Life, as has famously been observed, is short. Too damn short to go around second-guessing every thought you have and every goal you set for yourself. I wasted decades of my life trying to be anybody other than who I was, and that's time I'll never get back.
The reason I did that was purely my hyper-critical parents. Growing up, I was constantly told that I was an amazing, genius talent, but that somehow nothing I ever did was good enough. If I got good grades, they wanted to know why I didn't get perfect grades. If I got perfect grades, they wanted to know why I didn't do the extra credit. If I did the extra credit, they wanted to know why I was fat and not getting any exercise.

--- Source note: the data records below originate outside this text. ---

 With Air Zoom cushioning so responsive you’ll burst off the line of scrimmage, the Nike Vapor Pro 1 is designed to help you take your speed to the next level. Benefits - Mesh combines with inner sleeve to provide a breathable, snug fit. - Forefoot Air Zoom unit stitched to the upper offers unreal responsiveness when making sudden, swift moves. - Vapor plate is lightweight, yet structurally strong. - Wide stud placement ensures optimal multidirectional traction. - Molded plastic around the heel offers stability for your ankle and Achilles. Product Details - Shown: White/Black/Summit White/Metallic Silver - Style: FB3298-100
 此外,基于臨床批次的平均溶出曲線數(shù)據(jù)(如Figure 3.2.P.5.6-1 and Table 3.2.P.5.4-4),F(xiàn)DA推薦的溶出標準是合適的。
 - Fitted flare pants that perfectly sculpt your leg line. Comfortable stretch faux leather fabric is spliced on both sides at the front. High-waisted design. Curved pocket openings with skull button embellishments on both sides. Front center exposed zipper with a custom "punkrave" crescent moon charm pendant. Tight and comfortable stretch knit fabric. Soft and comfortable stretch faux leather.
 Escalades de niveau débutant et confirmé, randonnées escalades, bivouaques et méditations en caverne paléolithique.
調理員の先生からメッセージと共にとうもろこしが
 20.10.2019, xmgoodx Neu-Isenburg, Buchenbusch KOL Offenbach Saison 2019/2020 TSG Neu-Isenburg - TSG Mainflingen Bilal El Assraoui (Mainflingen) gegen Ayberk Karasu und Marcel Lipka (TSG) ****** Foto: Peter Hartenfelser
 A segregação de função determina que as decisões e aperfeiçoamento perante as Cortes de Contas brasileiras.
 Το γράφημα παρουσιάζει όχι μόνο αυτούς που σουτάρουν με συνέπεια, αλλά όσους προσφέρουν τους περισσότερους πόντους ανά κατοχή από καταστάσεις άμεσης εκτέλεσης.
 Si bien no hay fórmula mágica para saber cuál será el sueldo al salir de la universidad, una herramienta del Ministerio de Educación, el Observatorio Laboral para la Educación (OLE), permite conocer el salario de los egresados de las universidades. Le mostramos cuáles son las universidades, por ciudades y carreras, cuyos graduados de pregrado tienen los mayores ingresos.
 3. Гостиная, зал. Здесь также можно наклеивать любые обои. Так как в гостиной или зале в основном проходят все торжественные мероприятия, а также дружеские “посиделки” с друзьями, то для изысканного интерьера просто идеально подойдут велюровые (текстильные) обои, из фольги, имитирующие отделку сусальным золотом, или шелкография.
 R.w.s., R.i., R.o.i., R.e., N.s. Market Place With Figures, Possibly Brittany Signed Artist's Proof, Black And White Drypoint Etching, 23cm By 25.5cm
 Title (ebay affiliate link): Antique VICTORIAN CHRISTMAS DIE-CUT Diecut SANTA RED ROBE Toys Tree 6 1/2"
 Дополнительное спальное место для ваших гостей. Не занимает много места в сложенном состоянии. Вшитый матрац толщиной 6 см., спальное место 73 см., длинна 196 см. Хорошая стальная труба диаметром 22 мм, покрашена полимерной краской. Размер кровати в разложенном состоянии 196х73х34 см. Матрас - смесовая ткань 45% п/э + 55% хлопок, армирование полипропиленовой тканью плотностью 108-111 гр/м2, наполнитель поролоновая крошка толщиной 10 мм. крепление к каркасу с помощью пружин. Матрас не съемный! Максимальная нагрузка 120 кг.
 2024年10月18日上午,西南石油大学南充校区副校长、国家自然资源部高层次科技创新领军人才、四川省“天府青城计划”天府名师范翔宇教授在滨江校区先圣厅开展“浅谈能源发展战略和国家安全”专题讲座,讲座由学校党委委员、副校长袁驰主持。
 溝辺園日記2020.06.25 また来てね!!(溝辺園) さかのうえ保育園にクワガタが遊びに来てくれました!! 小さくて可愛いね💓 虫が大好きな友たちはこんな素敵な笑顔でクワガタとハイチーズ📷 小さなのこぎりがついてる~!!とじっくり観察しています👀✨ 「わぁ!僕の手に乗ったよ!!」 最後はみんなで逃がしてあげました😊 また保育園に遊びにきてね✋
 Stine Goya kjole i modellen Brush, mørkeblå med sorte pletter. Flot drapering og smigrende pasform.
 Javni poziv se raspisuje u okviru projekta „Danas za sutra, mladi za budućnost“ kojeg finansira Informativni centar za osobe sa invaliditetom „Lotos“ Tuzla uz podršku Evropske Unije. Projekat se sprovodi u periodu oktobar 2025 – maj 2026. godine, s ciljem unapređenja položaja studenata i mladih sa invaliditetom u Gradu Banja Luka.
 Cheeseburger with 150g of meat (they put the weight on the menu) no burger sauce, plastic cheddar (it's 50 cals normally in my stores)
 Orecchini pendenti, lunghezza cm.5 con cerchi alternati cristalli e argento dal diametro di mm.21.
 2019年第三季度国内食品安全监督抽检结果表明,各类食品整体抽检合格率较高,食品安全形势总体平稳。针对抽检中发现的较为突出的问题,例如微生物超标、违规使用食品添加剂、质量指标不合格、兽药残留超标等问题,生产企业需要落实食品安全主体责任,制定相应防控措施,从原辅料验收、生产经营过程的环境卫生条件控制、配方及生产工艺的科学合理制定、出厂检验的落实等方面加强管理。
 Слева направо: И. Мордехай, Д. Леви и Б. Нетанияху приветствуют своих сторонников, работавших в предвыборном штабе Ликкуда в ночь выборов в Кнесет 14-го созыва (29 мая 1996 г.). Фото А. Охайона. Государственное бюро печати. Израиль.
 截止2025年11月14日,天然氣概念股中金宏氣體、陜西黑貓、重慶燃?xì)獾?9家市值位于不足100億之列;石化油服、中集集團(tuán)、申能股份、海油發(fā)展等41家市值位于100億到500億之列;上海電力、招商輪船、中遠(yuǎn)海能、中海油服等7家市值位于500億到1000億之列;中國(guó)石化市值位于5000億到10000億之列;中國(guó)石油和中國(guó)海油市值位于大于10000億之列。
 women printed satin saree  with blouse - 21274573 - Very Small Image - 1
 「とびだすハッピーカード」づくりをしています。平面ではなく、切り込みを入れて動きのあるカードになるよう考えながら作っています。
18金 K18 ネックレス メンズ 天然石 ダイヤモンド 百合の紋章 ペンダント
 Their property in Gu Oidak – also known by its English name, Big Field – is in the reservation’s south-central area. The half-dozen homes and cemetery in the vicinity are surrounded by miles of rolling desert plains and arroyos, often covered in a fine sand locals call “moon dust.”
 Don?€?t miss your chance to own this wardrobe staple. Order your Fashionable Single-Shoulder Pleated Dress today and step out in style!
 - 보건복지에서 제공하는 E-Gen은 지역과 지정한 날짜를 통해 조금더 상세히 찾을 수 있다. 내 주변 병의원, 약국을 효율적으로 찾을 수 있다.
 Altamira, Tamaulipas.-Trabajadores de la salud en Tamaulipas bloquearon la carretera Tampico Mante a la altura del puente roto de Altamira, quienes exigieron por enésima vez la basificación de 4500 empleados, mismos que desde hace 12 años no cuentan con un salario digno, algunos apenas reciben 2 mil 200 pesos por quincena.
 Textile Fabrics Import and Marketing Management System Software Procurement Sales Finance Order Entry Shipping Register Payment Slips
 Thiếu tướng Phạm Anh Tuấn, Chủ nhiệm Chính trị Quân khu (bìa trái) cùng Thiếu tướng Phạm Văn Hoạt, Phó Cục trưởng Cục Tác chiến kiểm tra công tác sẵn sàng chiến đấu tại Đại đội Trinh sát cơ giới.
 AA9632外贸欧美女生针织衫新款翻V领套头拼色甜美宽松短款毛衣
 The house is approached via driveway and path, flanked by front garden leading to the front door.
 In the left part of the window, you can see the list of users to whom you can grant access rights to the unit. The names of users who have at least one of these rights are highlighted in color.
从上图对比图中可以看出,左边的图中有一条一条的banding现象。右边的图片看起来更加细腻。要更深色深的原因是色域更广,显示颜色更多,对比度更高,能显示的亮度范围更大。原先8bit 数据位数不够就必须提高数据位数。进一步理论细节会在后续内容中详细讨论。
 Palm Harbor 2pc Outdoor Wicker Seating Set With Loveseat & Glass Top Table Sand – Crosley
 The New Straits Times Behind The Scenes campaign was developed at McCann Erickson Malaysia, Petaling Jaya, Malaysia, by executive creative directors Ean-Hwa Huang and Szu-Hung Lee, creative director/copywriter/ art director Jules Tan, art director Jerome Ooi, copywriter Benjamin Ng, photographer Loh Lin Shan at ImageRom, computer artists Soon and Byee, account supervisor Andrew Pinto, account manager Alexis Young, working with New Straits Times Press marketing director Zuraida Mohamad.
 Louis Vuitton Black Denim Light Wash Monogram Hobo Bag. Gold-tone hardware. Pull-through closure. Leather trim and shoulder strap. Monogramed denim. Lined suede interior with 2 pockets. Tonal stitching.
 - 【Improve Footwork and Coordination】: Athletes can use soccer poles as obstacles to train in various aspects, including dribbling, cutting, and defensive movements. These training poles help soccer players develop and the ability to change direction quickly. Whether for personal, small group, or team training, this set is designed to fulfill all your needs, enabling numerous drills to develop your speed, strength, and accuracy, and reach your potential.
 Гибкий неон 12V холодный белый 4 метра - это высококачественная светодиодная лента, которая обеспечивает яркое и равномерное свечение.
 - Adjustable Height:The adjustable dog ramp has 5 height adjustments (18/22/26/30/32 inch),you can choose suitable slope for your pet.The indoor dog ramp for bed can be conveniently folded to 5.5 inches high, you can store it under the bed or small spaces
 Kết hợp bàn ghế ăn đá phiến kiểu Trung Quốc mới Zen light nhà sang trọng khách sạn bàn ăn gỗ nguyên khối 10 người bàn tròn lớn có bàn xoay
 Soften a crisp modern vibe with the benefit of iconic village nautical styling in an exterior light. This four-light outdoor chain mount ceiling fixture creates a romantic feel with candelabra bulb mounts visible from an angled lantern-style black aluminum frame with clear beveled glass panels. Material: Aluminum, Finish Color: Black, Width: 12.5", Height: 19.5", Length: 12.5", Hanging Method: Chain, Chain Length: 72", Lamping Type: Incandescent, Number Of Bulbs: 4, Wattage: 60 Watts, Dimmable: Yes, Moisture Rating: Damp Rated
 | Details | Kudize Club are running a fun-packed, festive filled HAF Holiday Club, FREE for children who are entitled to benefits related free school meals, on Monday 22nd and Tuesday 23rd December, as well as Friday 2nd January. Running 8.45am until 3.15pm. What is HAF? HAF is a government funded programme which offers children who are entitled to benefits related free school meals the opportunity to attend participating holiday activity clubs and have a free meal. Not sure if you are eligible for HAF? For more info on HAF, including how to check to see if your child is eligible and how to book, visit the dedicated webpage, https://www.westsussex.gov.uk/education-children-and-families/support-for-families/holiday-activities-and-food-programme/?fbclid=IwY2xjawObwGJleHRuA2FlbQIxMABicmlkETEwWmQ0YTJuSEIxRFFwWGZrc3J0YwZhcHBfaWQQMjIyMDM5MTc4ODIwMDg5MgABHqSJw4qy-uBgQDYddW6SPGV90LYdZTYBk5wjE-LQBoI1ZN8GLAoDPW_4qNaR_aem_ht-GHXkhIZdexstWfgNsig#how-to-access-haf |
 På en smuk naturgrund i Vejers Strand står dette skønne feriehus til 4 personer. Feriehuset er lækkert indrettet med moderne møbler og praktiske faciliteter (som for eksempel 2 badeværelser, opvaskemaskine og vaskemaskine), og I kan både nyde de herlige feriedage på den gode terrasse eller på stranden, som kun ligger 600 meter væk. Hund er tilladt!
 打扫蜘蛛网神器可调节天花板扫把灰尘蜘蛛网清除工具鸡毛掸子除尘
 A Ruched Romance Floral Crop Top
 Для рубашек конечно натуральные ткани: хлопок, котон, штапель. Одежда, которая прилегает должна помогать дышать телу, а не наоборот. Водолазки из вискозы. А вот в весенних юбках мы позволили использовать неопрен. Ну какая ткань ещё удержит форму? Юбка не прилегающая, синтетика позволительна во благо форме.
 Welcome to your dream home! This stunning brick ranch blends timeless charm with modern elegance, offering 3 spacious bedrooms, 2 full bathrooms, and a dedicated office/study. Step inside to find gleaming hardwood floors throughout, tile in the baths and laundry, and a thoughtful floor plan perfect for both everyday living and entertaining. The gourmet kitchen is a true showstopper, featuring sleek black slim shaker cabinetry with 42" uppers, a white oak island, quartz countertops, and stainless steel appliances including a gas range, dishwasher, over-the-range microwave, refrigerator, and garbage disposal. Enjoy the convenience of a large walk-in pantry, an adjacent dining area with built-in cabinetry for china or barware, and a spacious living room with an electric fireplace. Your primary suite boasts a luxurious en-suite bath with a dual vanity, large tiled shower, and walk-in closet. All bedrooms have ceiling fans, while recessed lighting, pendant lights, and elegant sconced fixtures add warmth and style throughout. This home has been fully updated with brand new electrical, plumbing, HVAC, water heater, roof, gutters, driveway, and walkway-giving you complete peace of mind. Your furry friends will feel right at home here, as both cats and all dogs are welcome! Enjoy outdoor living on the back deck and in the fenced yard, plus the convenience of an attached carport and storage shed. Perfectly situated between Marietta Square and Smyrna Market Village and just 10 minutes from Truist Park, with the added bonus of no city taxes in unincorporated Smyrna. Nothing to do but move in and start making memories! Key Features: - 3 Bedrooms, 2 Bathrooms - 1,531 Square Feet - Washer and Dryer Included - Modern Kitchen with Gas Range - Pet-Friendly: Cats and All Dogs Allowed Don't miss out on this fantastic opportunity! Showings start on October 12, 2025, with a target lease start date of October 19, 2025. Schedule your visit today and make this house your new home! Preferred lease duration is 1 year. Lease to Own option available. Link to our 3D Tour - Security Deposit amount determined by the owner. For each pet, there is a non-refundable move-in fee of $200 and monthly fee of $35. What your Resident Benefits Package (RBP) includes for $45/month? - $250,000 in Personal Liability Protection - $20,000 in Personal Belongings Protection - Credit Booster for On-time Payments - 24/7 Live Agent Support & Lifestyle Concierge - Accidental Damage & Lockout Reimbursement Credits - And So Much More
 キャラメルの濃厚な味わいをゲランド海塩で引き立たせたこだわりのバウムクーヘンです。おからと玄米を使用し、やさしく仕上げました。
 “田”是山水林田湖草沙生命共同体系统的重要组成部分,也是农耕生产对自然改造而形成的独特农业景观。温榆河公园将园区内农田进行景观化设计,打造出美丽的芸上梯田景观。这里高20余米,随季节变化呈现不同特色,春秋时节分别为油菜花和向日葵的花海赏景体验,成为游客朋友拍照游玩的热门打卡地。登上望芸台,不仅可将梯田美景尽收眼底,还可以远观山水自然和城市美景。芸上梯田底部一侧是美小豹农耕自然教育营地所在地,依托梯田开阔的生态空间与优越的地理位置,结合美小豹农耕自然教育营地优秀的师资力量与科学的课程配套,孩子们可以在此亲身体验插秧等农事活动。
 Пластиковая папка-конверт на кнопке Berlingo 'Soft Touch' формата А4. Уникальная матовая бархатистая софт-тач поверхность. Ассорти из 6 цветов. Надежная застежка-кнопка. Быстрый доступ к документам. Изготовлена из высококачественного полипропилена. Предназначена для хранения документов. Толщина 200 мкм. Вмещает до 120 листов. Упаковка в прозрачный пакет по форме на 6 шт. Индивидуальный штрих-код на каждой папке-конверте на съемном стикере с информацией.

The clear message a child receives from a steady diet of this bullshit is "You are inherently wrong. It doesn't matter what you do, the fact that it's you doing it makes it bad."
Now as a fully-realized adult, I understand that the proper response is "Up yours with a wire brush!" But as a child, when it's your own parents doing this to you, you don't understand that it's just two screwed-up people operating in a tiny little sphere of influence. To you it's your whole world.
My parents are gone now, and as I say, I'm an adult and responsible for standing on my own feet, making my own decisions, and making my life be what I want it to be instead of just taking what's handed to me. Yes, those decades are gone and I can never have them back. But I do have right now, and I'm going to use it to its best possible purpose.
I'm gonna be me. They way I like me.